5.5 Materiais didáticos e tecnologias

Os materiais didáticos e as tecnologias constituem uma dimensão imprescindível para a viabilização de cursos na modalidade a distância, pois cumprem o papel de mediar as relações entre os professores e os alunos no processo de ensino-aprendizagem. Com isso, afirma-se a ideia de que a EaD contemporânea se embasa na autonomia do aluno e não em seu autodidatismo, uma vez que cabe ao professor selecionar materiais e propor atividades a partir de uma intencionalidade pedagógica que promova a construção do conhecimento pelo aluno (LITWIN, 2001). Além disso, com base em Costa (2007), entende- se que os materiais didáticos devem apresentar uma linguagem dialógica e valer-se de mídias condizentes com as condições de acesso dos alunos.
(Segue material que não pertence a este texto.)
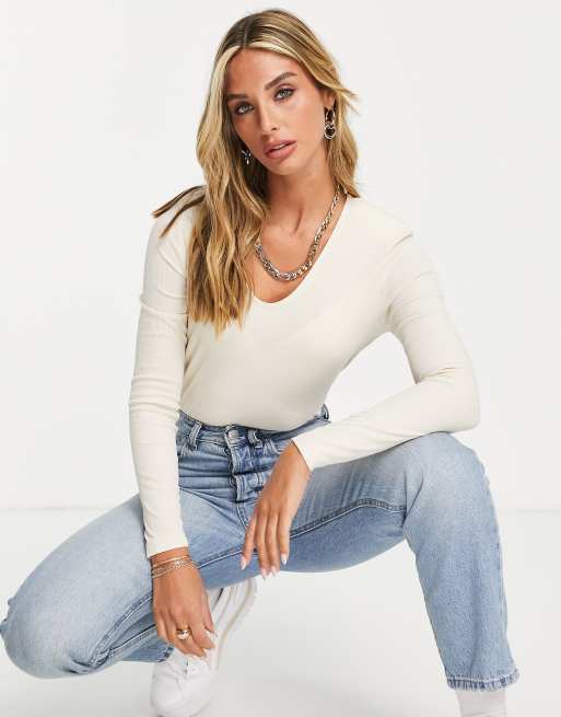 Vero Moda AWARE Body met V hals en lange mouwen in cr me

Sendo assim, pode-se dizer que as experiências atuais de EaD baseiam-se mais na interatividade entre alunos e entre estes e os professores, favorecida pelo desenvolvimento de ambientes virtuais de aprendizagem.

No que diz respeito à elaboração dos materiais didáticos, constatou-se que cada professor coordenador de disciplina conta com o apoio do DI, conforme já mencionado, bem como da coordenação de curso, que desempenha papel importante na articulação das diferentes disciplinas com vistas a conectá-las. Nesse sentido, os materiais elaborados por cada professor são disponibilizados aos demais como forma de incentivar sua apropriação por outras disciplinas e/ou semestres letivos (UNIVERSIDADE FEDERAL DE SÃO CARLOS, 2009a).

A elaboração dos materiais para cursos a distância envolve prévio planejamento e, nesse sentido, de acordo com os dados levantados pela pesquisa, as disciplinas dos cursos ofertados pela UFSCar em parceria com o Sistema UAB eram planejadas com o mínimo de seis meses de antecedência do início de sua oferta e deveriam contemplar o ambiente virtual de aprendizagem da disciplina, material impresso, material audiovisual e webconferências (UNIVERSIDADE FEDERAL DE SÃO CARLOS, 2011g). Vale lembrar, contudo, o esclarecimento do Participante Y (21/03/2018) de que, em 2014, a impressão dos materiais é substituída pela versão digital.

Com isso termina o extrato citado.